*** Opening of Data for review ***

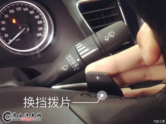 換擋撥片,在方向盤右后方也就是雨刮前面的位置,可以讓駕駛員在雙手不離開方向盤的情況下快速對檔位進(jìn)行切換。
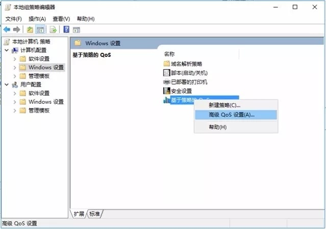 三、接下来右键单击【基于策略的 Qos】,在弹出的菜单中选择【高级 Qos设置】。
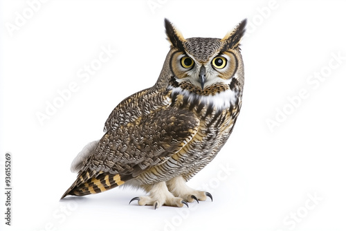 © kossovskiy, Fototapeta premium Great horned owl on a perch, isolated against a white backdrop
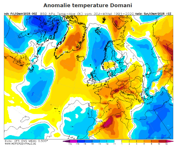 ANOMALIE TERMICHE in Europa nelle ore centrali di Sabato 3 maggio: fino a 10° superiori al normale su…
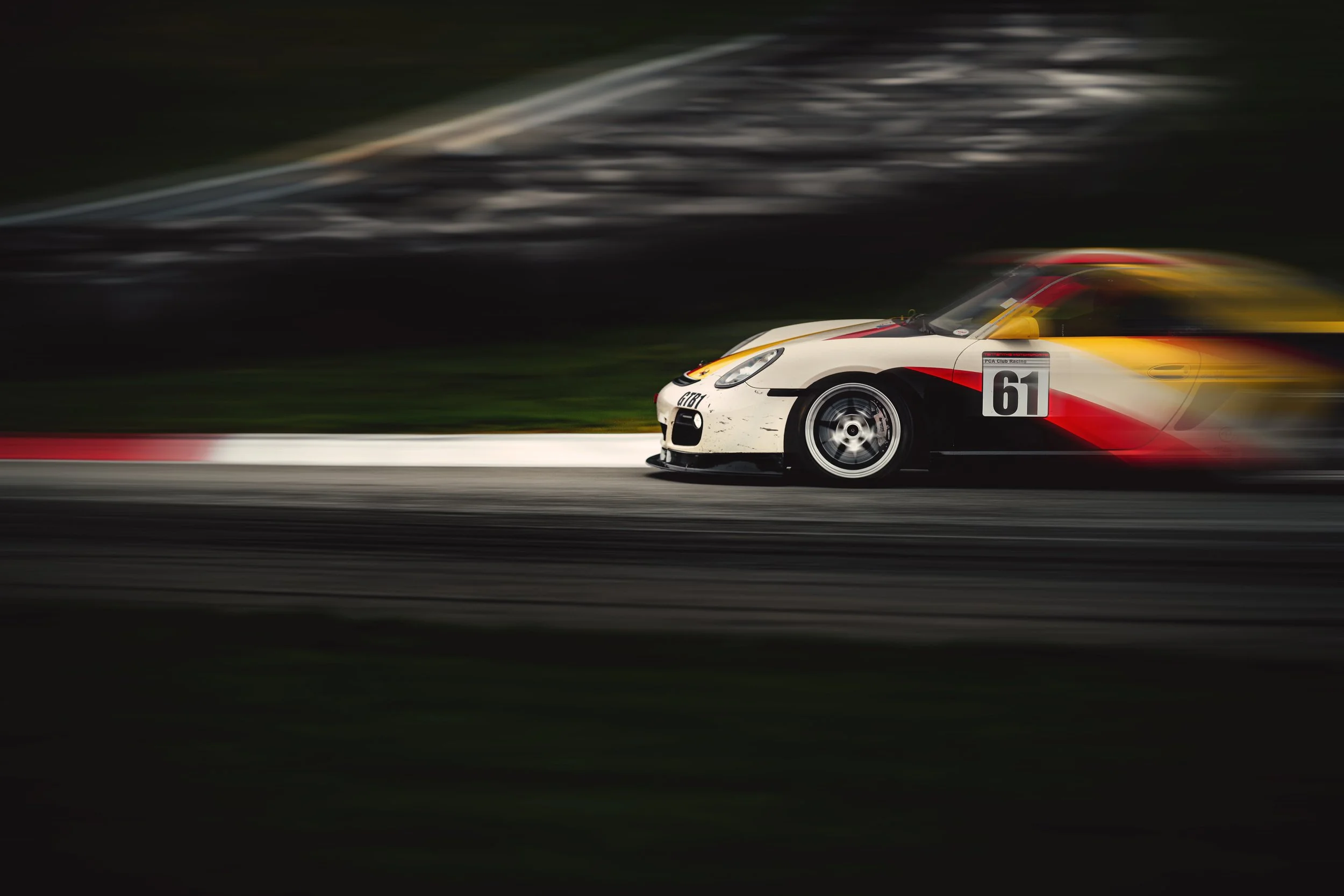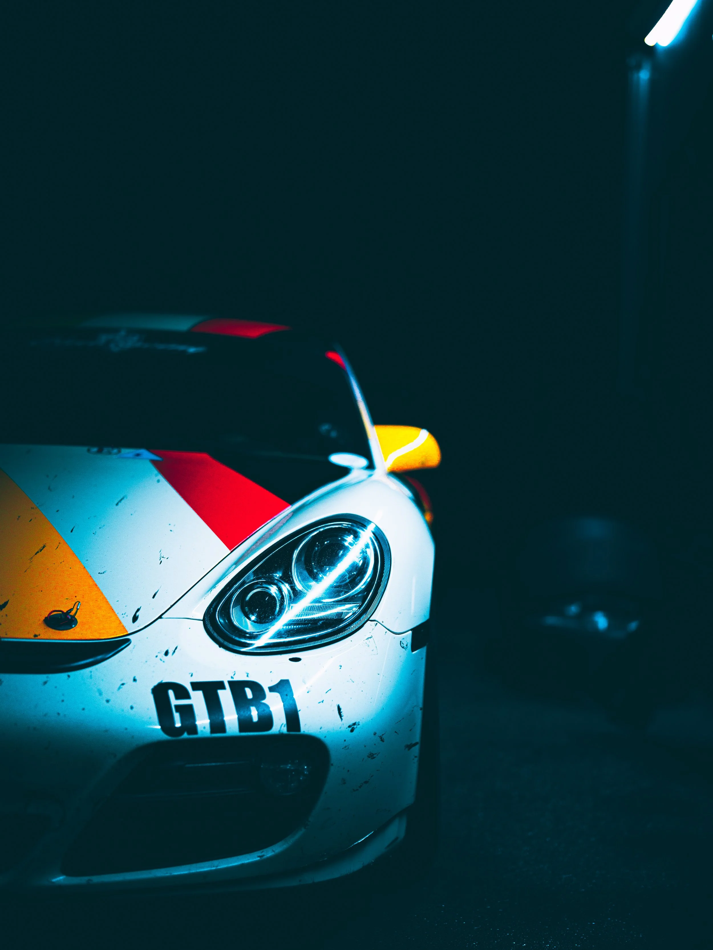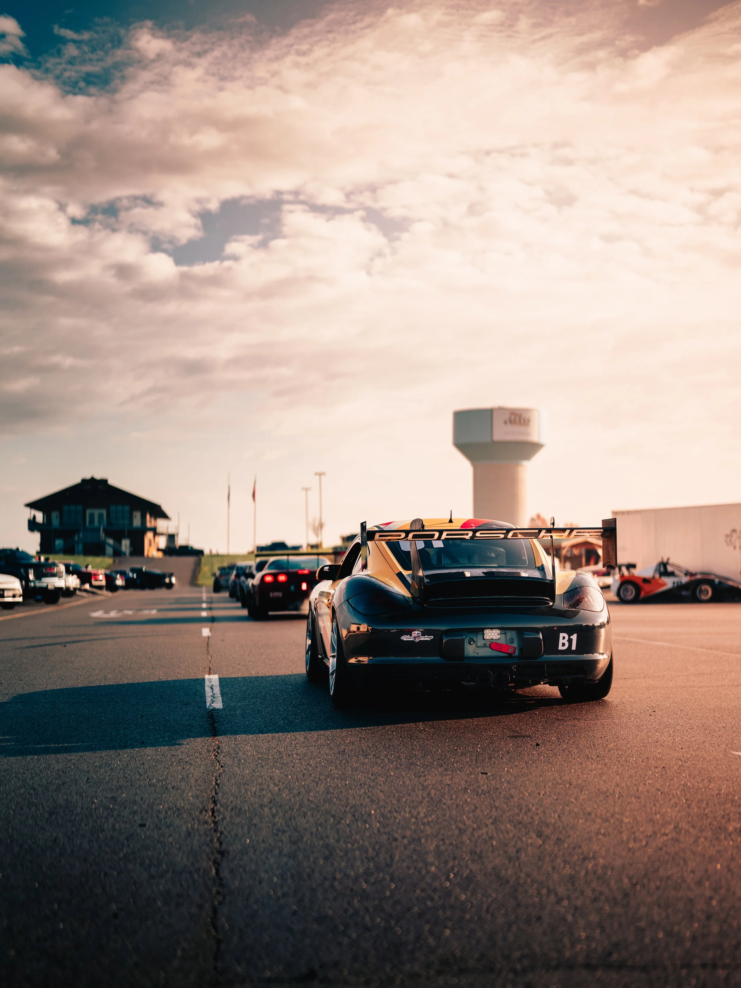 We arrived the night before. Kyle’s Cayman GTB1 sat silent beside the RV, stripes cutting through the dark—cream broken by yellow, red, black. The pavement was soaked, reflective, restless. Two days of rain had already rewritten the surface.

*** Close of Data for review ***

Try it
Print again, word for word, every line from the line with "ANOMALIE TERMICHE in" to the final line of the records, inclusive; skip the pictures.

Solution below
 ANOMALIE TERMICHE in Europa nelle ore centrali di Sabato 3 maggio: fino a 10° superiori al normale su…
 We arrived the night before. Kyle’s Cayman GTB1 sat silent beside the RV, stripes cutting through the dark—cream broken by yellow, red, black. The pavement was soaked, reflective, restless. Two days of rain had already rewritten the surface.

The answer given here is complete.